= Charles Cornell =

American communist (1911–1989)

Charles Olney Cornell (1911–1989) was an American Communist.

Cornell was born on March 14, 1911, in Cochise, Arizona. While a teacher in San Francisco in the 1930s, he became active in the American Trotskyist movement and joined the newly founded Socialist Workers Party in 1938.

The SWP proposed that Charles Cornell go to Coyoacán, Mexico, where Leon Trotsky was living in exile to work as one of his bodyguards. Cornell served on Trotsky’s staff from June 1939 to August 1940.

On May 24, 1940, Mexican Stalinists machine-gunned Trotsky's household and subsequently Charles Cornell and Otto Schüssler, one of Trotsky's guards from Germany, were arrested by the police.

At first the police suspected Trotsky and his secretaries of having organised the raid, but soon realized this to be wrong. After two days and at the personal intervention of Trotsky, both Schüssler and Cornell were released.
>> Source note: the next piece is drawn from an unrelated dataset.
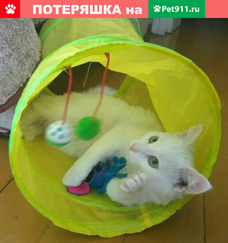 Потерялся белый кот! Был в клетчатом красно-белом ошейнике с номером телефона и кличкой (возможно снял). Шерсть на холке и на хвосте длинная, Глаза зелёно-желтые, Из особых примет - сломанный хвост на конце. Кот очень ласковый, не агрессивный, сам тянется к людям. Потерялся в районе МФЦ (Комарова, 39)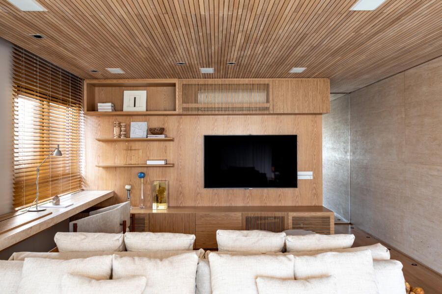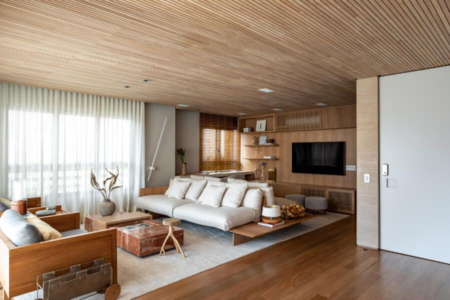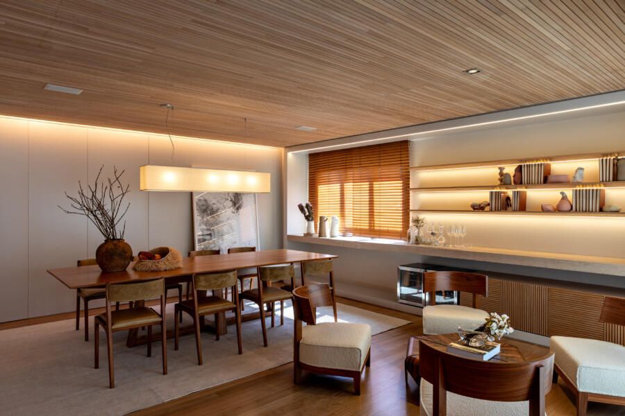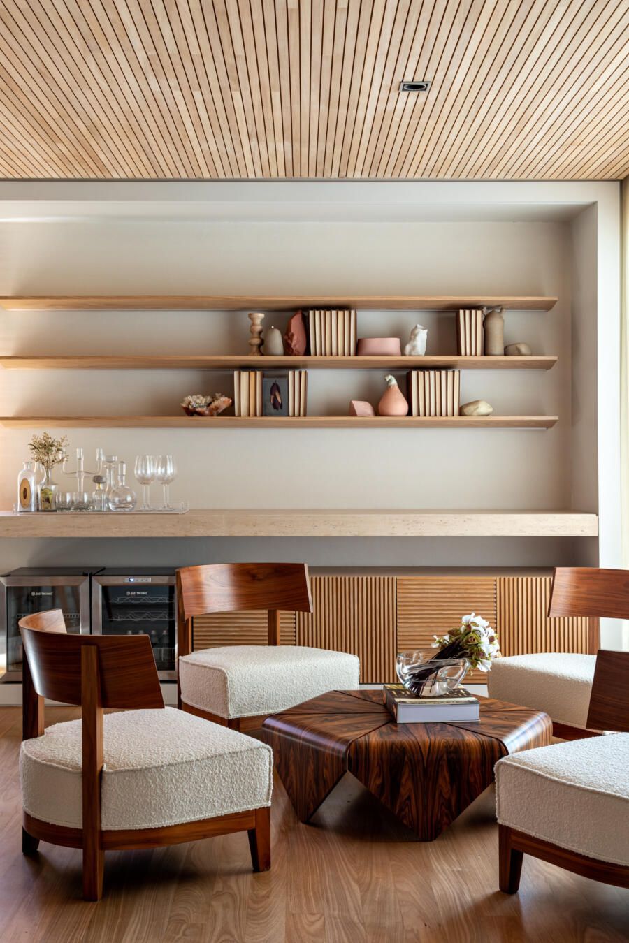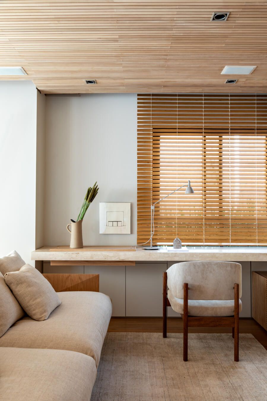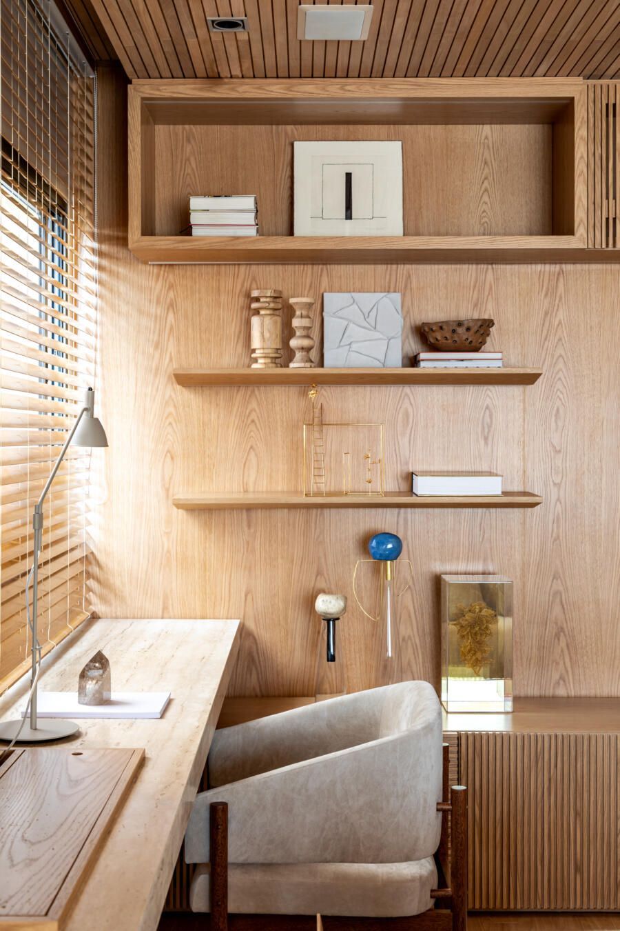 “Queríamos criar ambientes muito aconchegantes, então optamos por uma marcenaria clara. Há um piso de madeira clarinho com a marcenaria toda desenhada em carvalho americano branco. O teto é de madeira ripada, mais especificamente madeira Tauari com ripinhas de três centímetros. Por conta do uso significativo de madeira, tiramos bastante partido da iluminação direta. Então como a gente tinha um forro de madeira bem bonito, a ideia era que realmente não tivesse muita iluminação embutida. Ao invés disso, usamos sancas, luminárias decorativas, abajures, apoios de luminárias de piso…”

Cornell, who was present, could not prevent the fatal attack on Trotsky three months later on August 20, 1940, carried out by the Stalinist agent Ramón Mercader, who had infiltrated the household and stabbed him in the back of the head with an icepick.

With Joe Hansen, Cornell overwhelmed the assassin and handed him over to the police.

On his return to the United States, Charles Cornell remained a member of the Socialist Workers Party in New York City for a couple of years, but never had any important role in the party. Eventually he gave up political activities and went into the real-estate business, first in Connecticut, and later in Arizona. He died on January 1, 1989.